If you’re eligible for full, normal retirement at a young age, there’s a lot to think about. Do you plan on starting a second career? What are your plans for health insurance? How long might you need to wait to access personal savings or Social Security? We’ll take a quick look at each of these elements to hopefully point you in the right direction.

For our purposes, we’ll define “retiring at a young age” as retiring before age 65, as 65 is when most are eligible for Medicare - a big factor for most when thinking about retirement.

Health Insurance

Many don’t realize how expensive health insurance can be when they aren’t yet eligible for Medicare, and they don’t have an employer subsidizing their health insurance. To give an example of the possible disparity between Medicare-eligible and pre-Medicare medical insurance rates: for plans offered through the ASRS in 2021, premiums range between $0 and $67 a month for a single-coverage Medicare plan (aka, a plan that covers only you – no spouse or dependents) while rates for single coverage non-Medicare ASRS retirees are between $775 and $1,361 a month1. That’s a huge difference and one that catches a lot of people off guard!

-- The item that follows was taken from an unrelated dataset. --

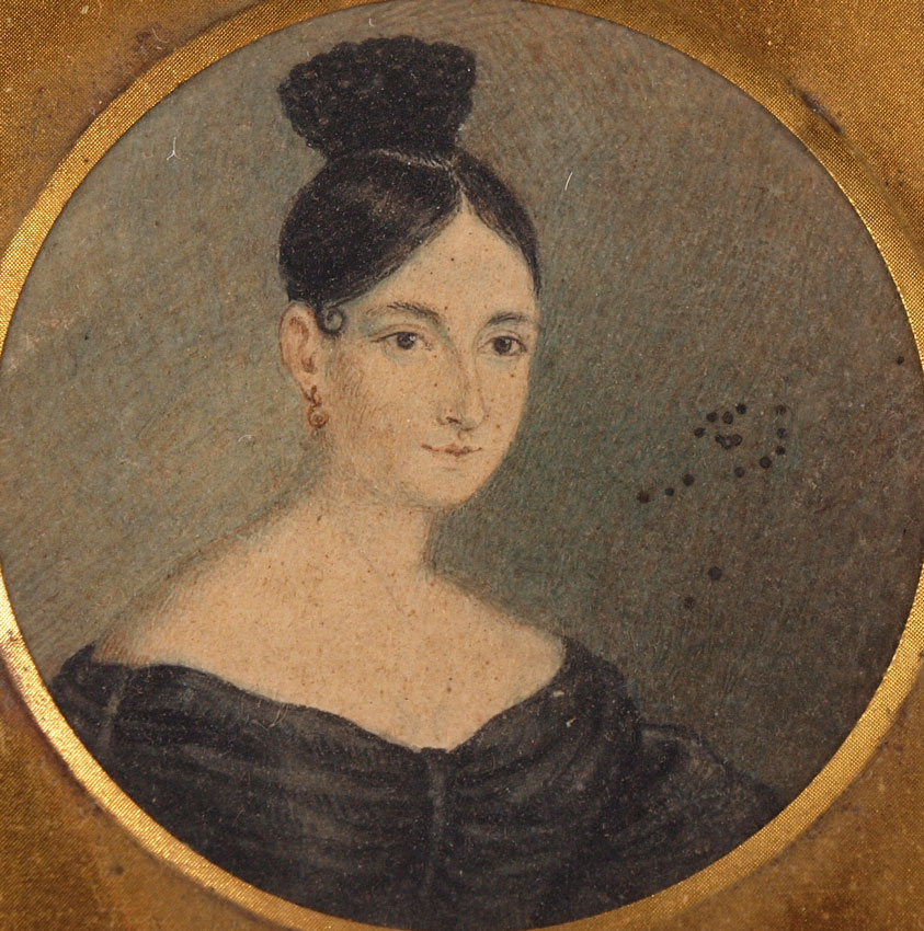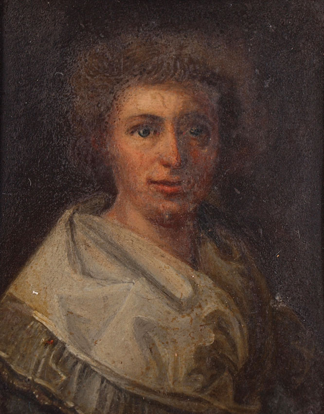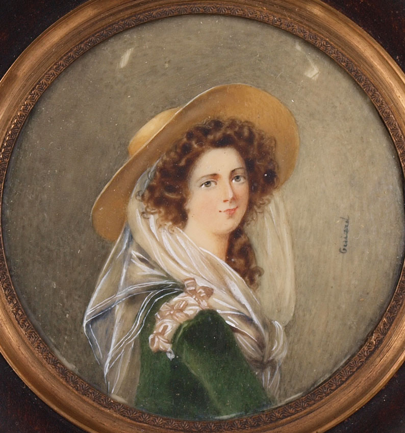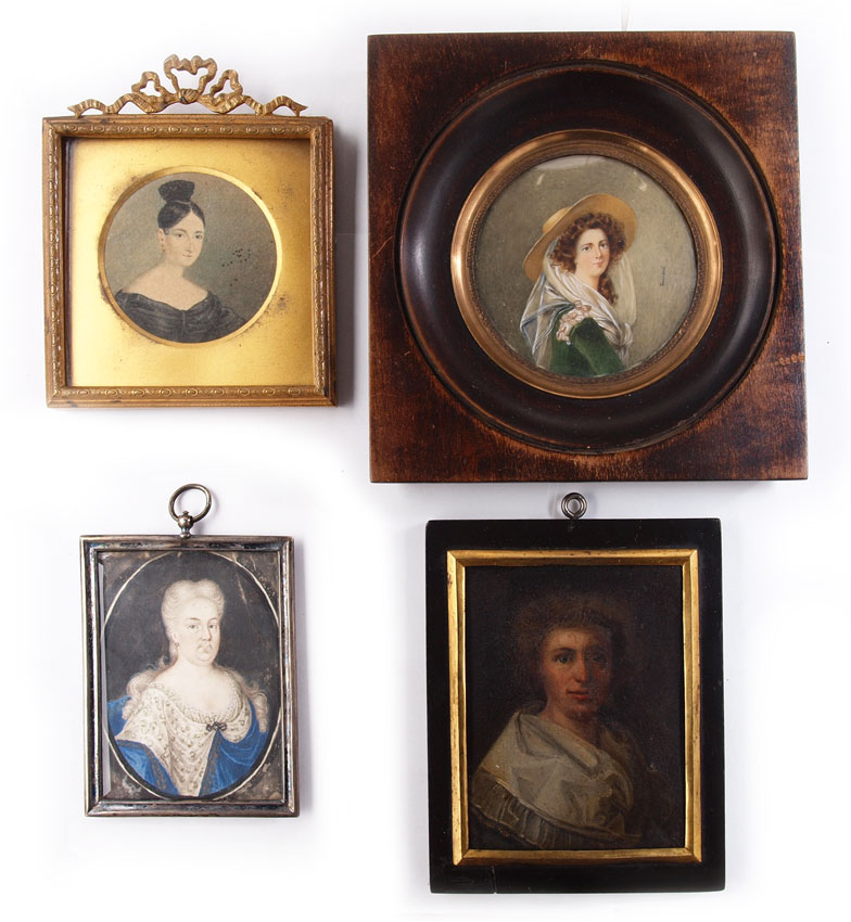 4 PIECE MINIATURE PAINTING LOT TO INCLUDE: 1) 19th Century Watercolor of a Young Black Haired Beauty, Circular 2'' diameter, encased in gilt metal frame with ribbon cartouche, 4 3/8'' x 3 1/2'', no visible signature. 2) Young Girl wearing a Hat & Scarf, Circular, 2 3/4'' diameter, signed lower right, Guiard, encased in finger carved molding, 5 1/2'' x 5 1/4''. 3) 19th Century Portrait of an Elderly Woman in an Evening Gown, Oval, 3'' x 2 1/4'', no visible signature, encased in silver metal frame, 3 1/2'' x 2 5/8''. 4) 19th Century, Oil/Board, Middle Aged Woman, sight size 3 1/2'' x 2 5/8'', no visible signature, ebonized wood frame with gilt metal liner, 4 1/2'' x 3 5/8''.

If you plan on retiring at an early age, be mindful of how you plan on obtaining health insurance. Will you have a working spouse whose plan you can join? Will you be starting a second career and getting insurance through your employer? Both are options that could save you money.

Personal Savings

A common bit of advice you’ll often hear us tell our members - have personal savings! Your ASRS pension is meant to be just one part of your overall retirement income, with personal savings and Social Security rounding out your retirement finances. However, even if you’ve followed our (very smart) advice and have a well-funded supplemental savings account, such as a 401(k), you might find you can’t withdraw funds without a financial penalty if you aren’t 59 ½ years old when you retire. A 10% penalty is common for these types of savings accounts, in addition to the typical taxes and fees involved. You may need to decide whether you’re willing to accept the penalty or willing to wait to access these funds. Either way, make sure to research the rules specific to your type of savings account, so you have a plan in place.

Also, unlike your ASRS pension, which is guaranteed for life, personal savings are a finite resource – if you start withdrawing from it at an earlier age than you initially planned, it could run out. Make sure to do the math and figure out a budget, so you can stretch it as much as you need to.

Social Security.

If Social Security is part of your retirement strategy, you’ll also need to research how early you’re able (and willing) to take it. The age you’re able to receive full benefits varies, falling between 66 and 67 depending on your age. The earliest you’re able to receive Social Security benefits is age 62, and you’ll be taking a reduced benefit – an estimated 29% lower benefit than what your full Social Security would be. Also, Social Security benefits vary from person to person depending on work history, age, and how much you’ve paid into Social Security. To get an idea of how much your Social Security benefit could be, visit SSA.gov , where you can use their online estimator to see a personalized estimate of your future benefit.

Starting a Second Career

This is often the solution for those who can retire at an early age, and may solve many of the potential hurdles we’ve already discussed. Receiving both a paycheck from an employer and your ASRS pension2 could bridge the financial gap, allowing you to leave your personal retirement savings alone (or even keep adding to it) until there’s no penalty to withdraw, while also allowing you to wait to take Social Security benefits. If you work for an employer that offers health insurance, it could also help you avoid those high, unsubsidized non-Medicare health insurance rates.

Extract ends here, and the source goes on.